Samach A, Hareven D, Gutfinger T, Ken-Dror S, Lifschitz E
Technion, Israel Institute of Technology, Department of Biology, Haifa.
Proc Natl Acad Sci U S A. 1991 Apr 1;88(7):2678-82. doi: 10.1073/pnas.88.7.2678.

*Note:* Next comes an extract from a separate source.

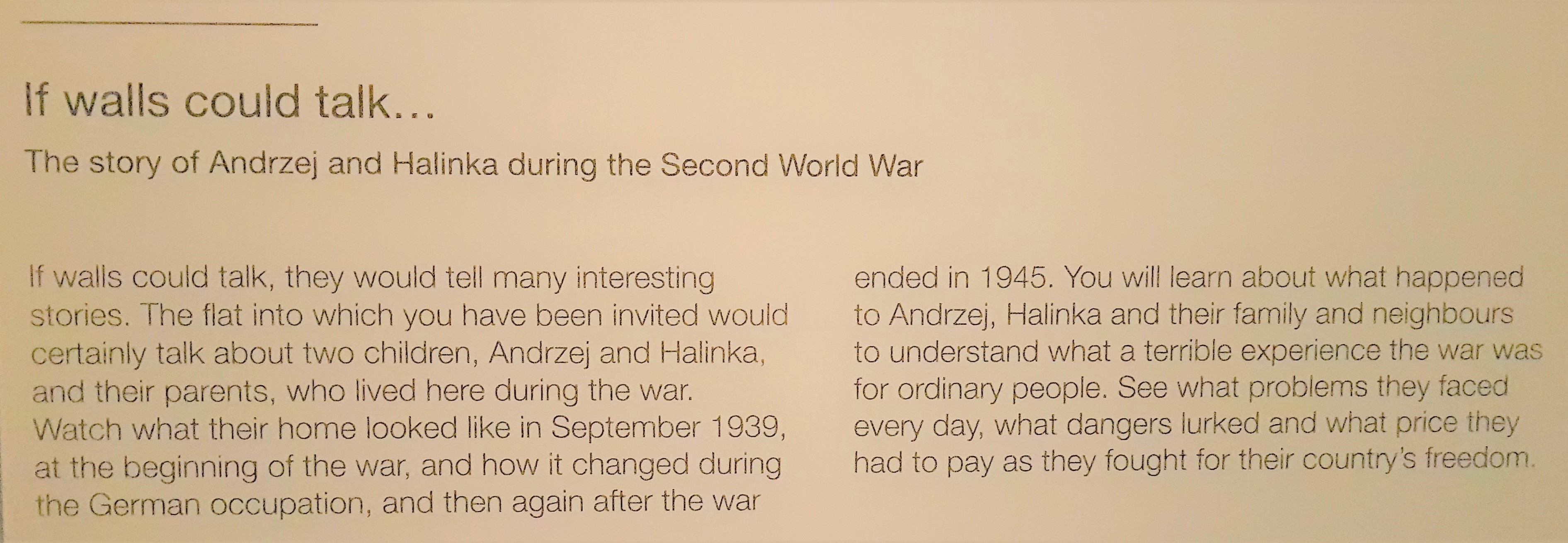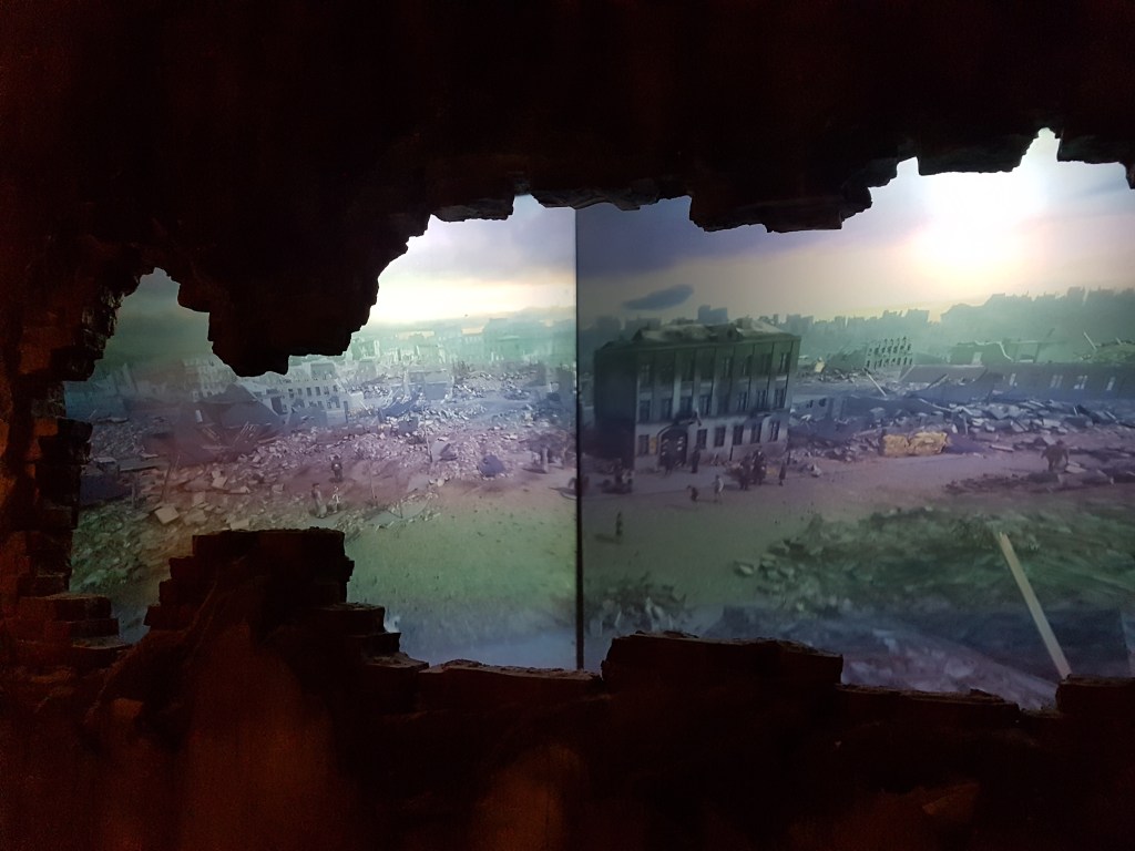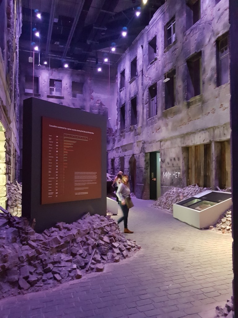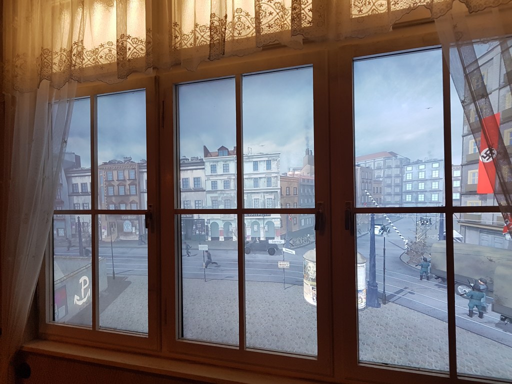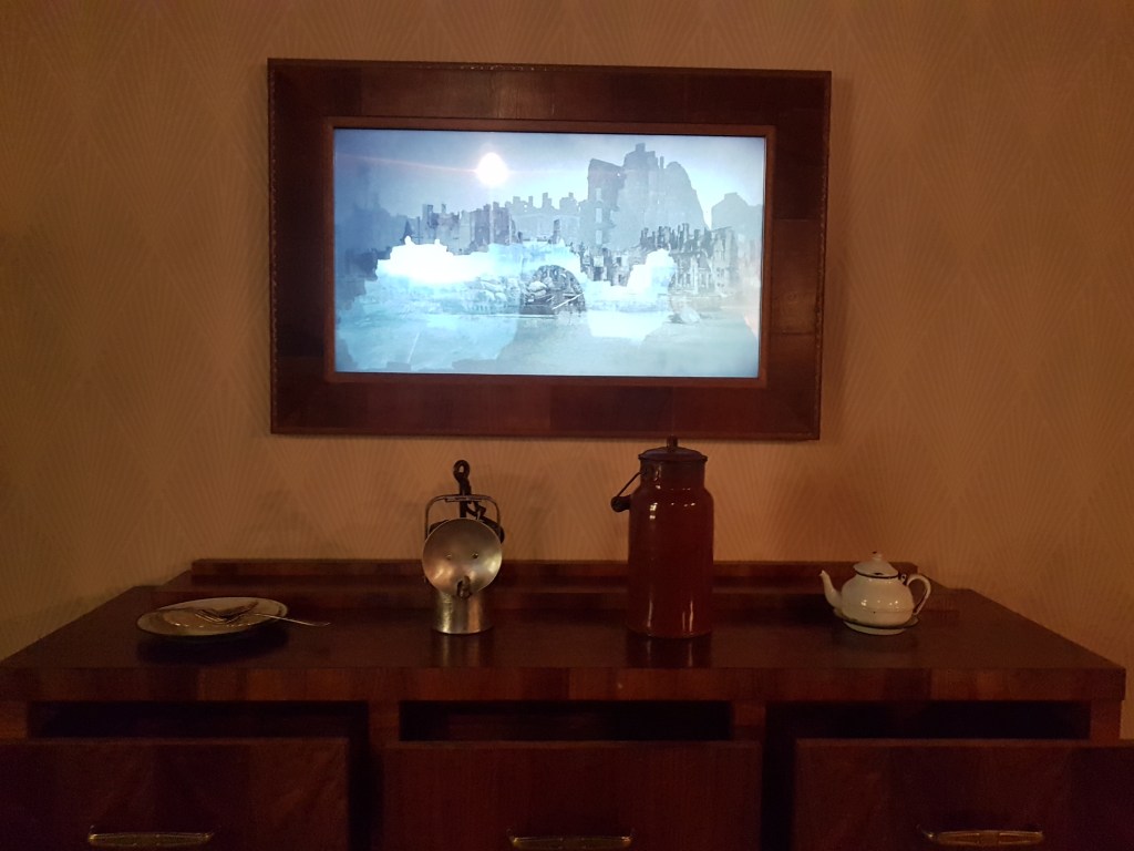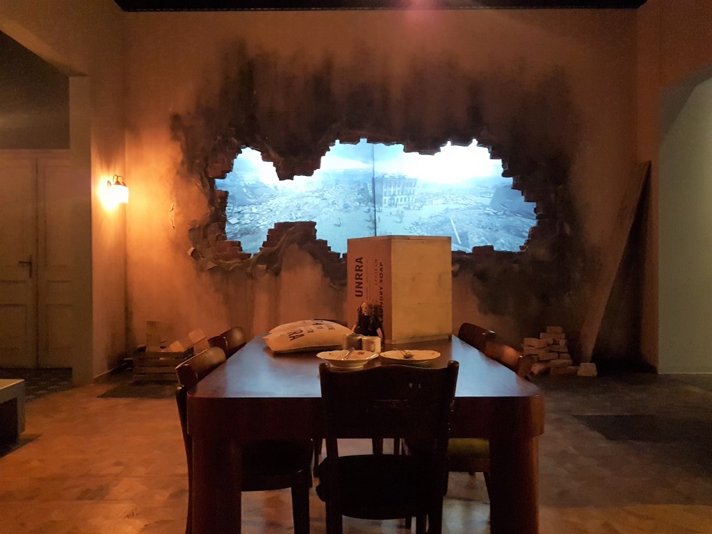 Bagian pertama yang gue liat adalah simulasi dampak perang ke sebuah keluarga berkecukupan dengan dua orang anak di Polandia. Simulasi ini nunjukin seberapa jahatnya perang berdampak ke kehidupan warga sipil yang nggak ngerti apa-apa. Kita bisa liat transisi kehidupan mereka lewat replika-replika ruangan yang dibuat. Ruangan-ruangan ini nunjukin perubahan kondisi mereka dari tahun ke tahun, dari yang rumahnya nyaman dan terang benderang sampe jadi surem banget.

The gene encoding the plant biosynthetic threonine deaminase (Td; EC 4.2.1.16) has been cloned as a result of its unusual upregulation in tomato flowers. The Td gene of tomato encodes a polypeptide of 595 residues, the first 80 of which comprise a putative two-domain transit peptide cleaved at position 51. Comparison of the amino acid sequence with the corresponding enzymes from yeast and bacteria reveals a near identity of the important catalytic regions and greater than 40% overall similarity. The Td gene is unique in the tomato genome and its coding region is interrupted by eight introns. Its expression is greater than 50-fold higher in sepals and greater than 500-fold higher in the rest of the flower than in leaves or roots. Its overexpression, however, is strictly confined to the parenchymal cells of the floral organs. In young tomato leaves, the chloroplast-bound enzyme is found almost exclusively in the subepidermal spongy mesophyll cells.
由于其在番茄花中异常上调,编码植物生物合成苏氨酸脱氨酶(Td;EC 4.2.1.16)的基因已被克隆。番茄的Td基因编码一个由595个残基组成的多肽,其中前80个残基构成一个假定的双结构域转运肽,在第51位被切割。将该氨基酸序列与来自酵母和细菌的相应酶进行比较,发现重要催化区域几乎完全相同,总体相似度超过40%。Td基因在番茄基因组中是独特的,其编码区被8个内含子打断。它在萼片中的表达比在叶子或根中高50倍以上,在花的其他部分比在叶子或根中高500倍以上。然而,其过表达严格局限于花器官的实质细胞。在幼嫩的番茄叶片中,与叶绿体结合的酶几乎只存在于表皮下的海绵状叶肉细胞中。